Sakura nodded, in acknowledgment, eyes fixed on some point on the door, and slid inside.

"Sasuke? Can I talk to you?"

"Yeah, I guess." Sasuke didn't sound nearly as empty as he had for years. He sounded hurt and angry and maybe even a bit worried. Sakura felt something wither as she began to fully understand that it was Hyuuga Hinata bringing out these emotions, signs that he actually cared for her. Her carefully practiced speech went out the window and it was half sobbing that she said it. "How can you marry her?"

He didn't say anything, so she went on, relief flooding a space in her heart she hadn't noticed growing heavier. "Do you remember, when it was you, me and Naruto with Kakashi-sensei? Monday through Friday, three to five in the afternoon, fifteen minutes for water and rest. Best times in the world."

"The world isn't very big when you're seven, Sakura."

"But I've known you nearly all your life; I've loved you all that time too." She willed him to look at her with something more than disinterest. "What about her? There's no way she'll ever know you like I do, so why—"

"If she knew me like you do, I wouldn't want her like I do."

"You can't mean that! She's not capable of loving you, Sasuke. Not like me. Why won't you see that?"

Dimly, Sasuke recognized that Sakura was telling him, like everyone else had, that Hinata would never love one person to the exclusion of all others, and he had known that to start with. He liked that she would never, ever be cold.

"I'm sorry, Sakura." He left.

(flock of hyphens goes here, please)

"Five years," she whispered, feeling tears rolling over her cheeks, unstoppable and heavy, a deluge of saltwater and bitter heartbreak. "Five years to get another apology out of him, and it's still because he can't love me." Her hands went to stem the flow of her weakness, but she ended up crying into them, stifling her gasps in her palms. She didn't know how long she sat there in the empty room, but she had still more tears to shed when she felt arms wrapping around her. She wanted to weep even harder when she realized they were too slim and delicate to be Sasuke's.

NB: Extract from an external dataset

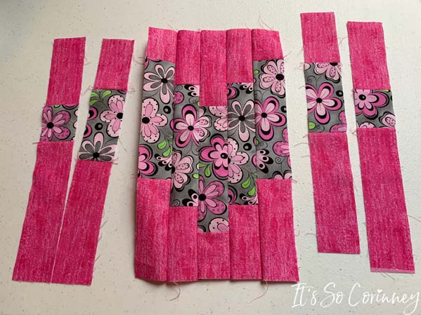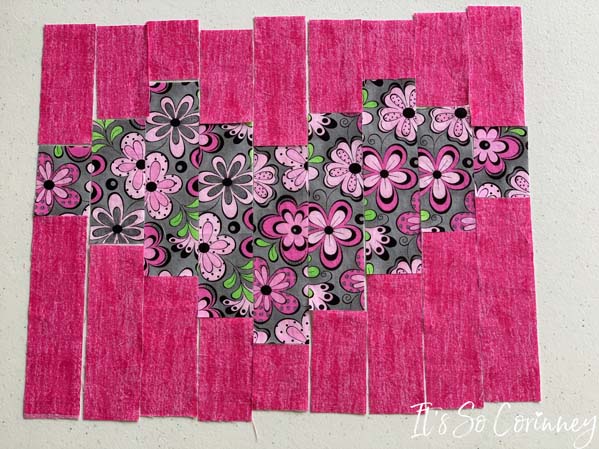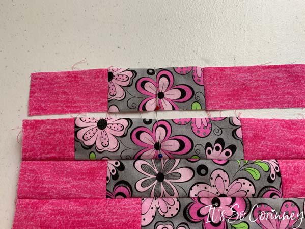 After each strip is sewn press with iron and lay out on table. Next, double check that you sewed each rectangle in the right spot.

Ino was not so grudging a person she would ignore Hanabi calling her on a date, especially when the younger woman told her to get to the Club and pick up her cousin, and possibly slap Sasuke on the way in. Ino was not so cruel that she would forget being small and having a best friend who happened to be related to her which made it even better. Ino had always cared too much about her friends to be able to take rejection well, but she would rather be in another catfight with Sakura than see her so completely broken yet again.

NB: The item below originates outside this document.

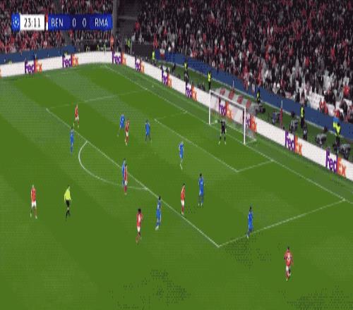 上半場的后半段,皇馬開啟了狂轟濫炸模式,本菲卡逐漸陷入被動,門前險象環(huán)生,切魯賓成為場上最忙碌的球員。

"I told you before, didn't I?" murmured Ino. "Boys are stupid."

"Girls should throw rocks at them." Sakura dredged up a less pathetic expression from somewhere. "Yeah, I remember. Does it still apply when they can throw them back?"

"Sure." Ino smoothed Sakura's hair away from her face. "It just means you need bigger rocks."


Nothing like like boy bashing to bond together. Like politically correct and puritan and nice could ever be funny.